After rallying by as much as 9.6% last Thursday, following the announced completion of the $1.1bn sale of its US business, Main Event Entertainment, Ardent Leisure (ASX: ALG) found itself trading materially lower today.
A fall of today’s magnitude – down -64% at the close - would typically denote something horrendously bad had happened.
However, shareholders can breathe easier knowing today’s share price swan dive has more to do with recent corporate activity.

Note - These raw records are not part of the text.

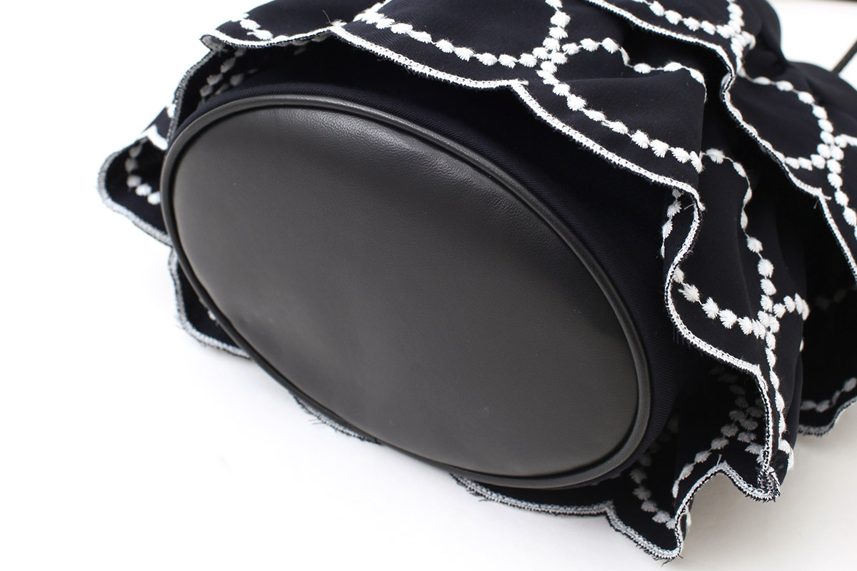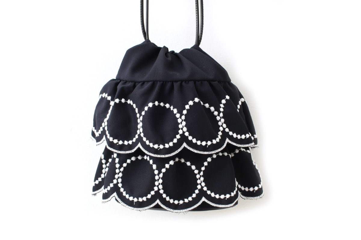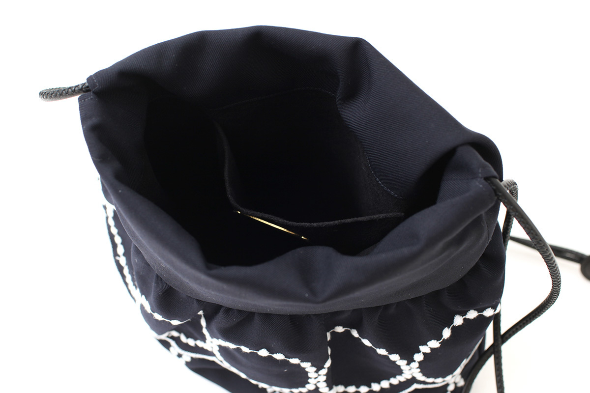 | 商品説明 | くしゅっとした巾着のフォルムがお菓子の「カヌレ」のようなポシェット。テキスタイルをスタイリングのアクセントに添えるようなイメージでお使い頂けます。近くへのお出掛けにはもちろん、小さな身の回りの物をまとめておくポーチのような用途にも。肩にあたる部分や、肩紐、底に使用したレザーがデザインをきりりと引き締めます。 |
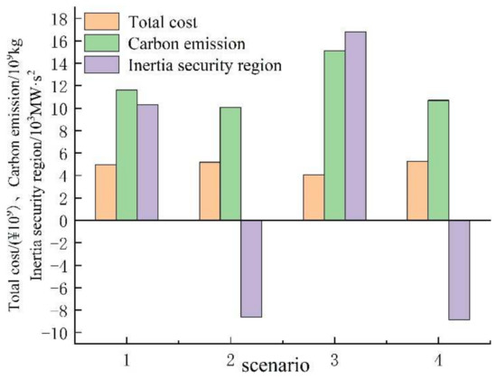 As can be seen from Figure 21, the inertia security region for scenarios 2 and 4 is negative, which is because the new energy output is higher during a typical day and the thermal units are in a lower output state, resulting in the actual inertia level of the system is lower than the system safety critical inertia value, and therefore scenarios 2 and 4 have a frequency stability risk. As the typical day is the maximum day scenario of the yearly limit expected fault occurrence, the inertia security region of scenarios 1 and 3 are 10,308.2 MW·s2 and 16,802 MW·s2 respectively, so there are no negative inertia margin operation scenarios for scenarios 1 and 3 during the yearly operation.
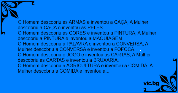 O Homem descobriu a PALAVRA e inventou a CONVERSA, A Mulher descobriu a CONVERSA e inventou a FOFOCA.
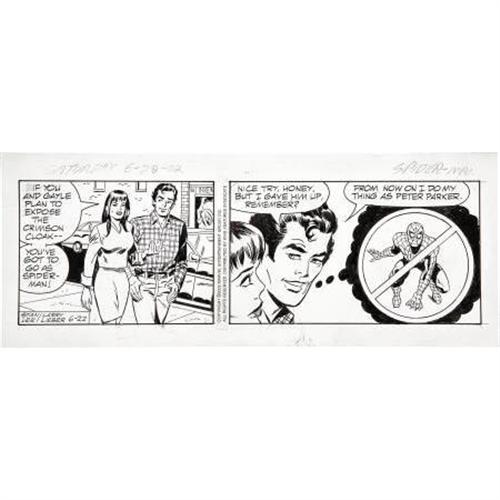 <B>Larry Lieber - The Amazing Spider-Man Daily Comic Strip Original Art, dated 6-22-02 (King Features Syndicate, 2002).</B></I> What? "Spider-Man no more?" Say it isn't so. This daily has an image area of 13" x 4", and it's in Excellent condition. <BR><BR><b>Shipping:</b> Flat Material, Small (<a target="_blank" href="http://www.heritageauctions.com/common/shipping.php">view shipping information</a>)
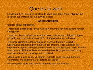 La Web 4.0 es un nuevo modelo de internet que tiene como objetivo resolver las limitaciones de la Web actual. Algunas características clave incluyen el uso de gafas inteligentes, la capacidad de dialogar con agentes virtuales inteligentes, y el acceso a internet a través de dispositivos portátiles de alta resolución e implantados en vehículos e incluso en el cerebro humano. La Web 4.0 también promete entender mejor los intereses y necesidades de los usuarios.
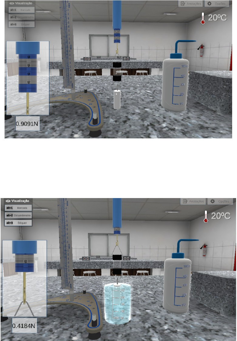 Experimento: Hidrostática Peso cilindro Peso após inserir no béquer Valor do peso após preencher com água ate o fim Temos, a equação do peso aparente:
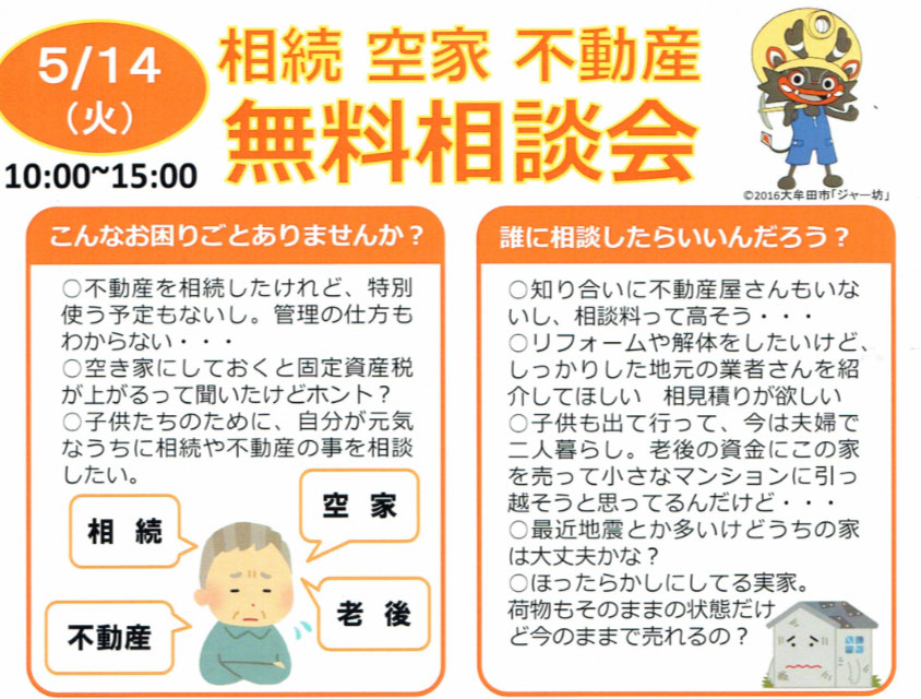 5月14日 大牟田ゆめタウンにて相続・空家 不動産無料相談会
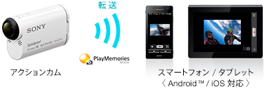 お持ちのスマートフォン/タブレットにPlayMemories Mobile(プレイメモリーズモバイル)をインストールすれば、アクションカムからスマートフォン/タブレットにWi-Fi経由で画像を転送して手軽に楽しめます。
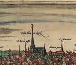 Stadsgezicht van Groningen met ‘Unser Vrouen kerkck’ in Civitates orbis terrarum (1576-1577) van Georg Braun en Frans Hogenberg. Collectie Groninger Archieven (817-1985).

Following the sale of the Main Event business in the US to Dave & Busters shareholders voted in favour of plans to distribute $455.7m (95 cents per share) in sale proceeds in the form of:
A return of capital of $221m (46 cents per share)
An unfranked dividend of $234.7m (48.9 cents per share)
Based on Wednesday's open of $1.40, the 95 cents distribution represents a whopping 67% yield.
To be eligible for this dividend bonanza, investors had to be on the company register as shareholders by close of play on Monday.
The ex-dividend date is one business day before the Record Date is set.
Today the market witnessed Ardent’s share price fall by as much as dividend, which is by no means unusual.
So exactly why does a share price often drop by the amount the dividends are paid?
Simply put, when a company pays out a dividend, the value of the company is reduced by the amount of the total payout.
That’s because the amount paid out to shareholder’s will diminish the value of the company by a proportionate amount.
However, a dividend’s negative impact on a share price is usually only short term.
While a share price typically recovers some (or all) of the drop after the ex-date, there’s no hard and fast science around the timing.
If the dividend is small (for example only 2%), the reduction could simply get overlooked within the volatility of normal trading activity.
However, given the magnitude of Ardent's dividend payout, investors who bought the stock as part of a dividend capture strategy – which involves buying a stock before it goes ex-dividend and then selling it after it has recovered the payout – may have considerably longer to wait.
One of the keys to successfully executing a dividend capture strategy is to first find stocks that historically recover quickly after committing to a dividend payment.
After offloading Main Event, Ardent Leisure has achieved its goal of concentrating solely on its Australian-based theme parks & attractions business, comprising Dreamworld, WhiteWater World, and SkyPoint.
Commenting on the selldown of Main Event, the company’s chair, Gary Weiss, noted:
“The sale of Main Event now provides Ardent Leisure with the capital required to support the ongoing recovery, growth and development of our Theme Parks & Attractions business which is the Board’s principal focus.”
"Further investment in this business will better position it to benefit from expected increases in leisure spending, including as a result of increased levels of interstate and international travel to Queensland following the suppressed levels experienced during the COVID-19 pandemic.”